§ Input for this task:
# # # # #

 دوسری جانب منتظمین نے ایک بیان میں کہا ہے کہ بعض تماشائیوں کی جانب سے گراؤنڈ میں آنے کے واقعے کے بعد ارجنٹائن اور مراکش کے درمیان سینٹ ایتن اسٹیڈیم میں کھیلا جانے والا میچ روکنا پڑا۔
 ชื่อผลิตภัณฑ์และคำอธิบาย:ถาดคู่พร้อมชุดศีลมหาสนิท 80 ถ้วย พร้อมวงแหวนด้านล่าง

# # # # #

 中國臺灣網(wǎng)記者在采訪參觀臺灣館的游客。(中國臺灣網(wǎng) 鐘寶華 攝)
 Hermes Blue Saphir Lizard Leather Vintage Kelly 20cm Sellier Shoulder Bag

# # # # #

§ Work instructions: Print only what lies in the material above starting at the line with "中國臺灣網(wǎng)記者在采訪參觀臺灣館的游客。(中國臺灣網(wǎng) 鐘寶華 攝)" and ending at the line with "Hermes Blue Saphir", every line exactly as given.

§ Completed exercise:
 中國臺灣網(wǎng)記者在采訪參觀臺灣館的游客。(中國臺灣網(wǎng) 鐘寶華 攝)
 Hermes Blue Saphir Lizard Leather Vintage Kelly 20cm Sellier Shoulder Bag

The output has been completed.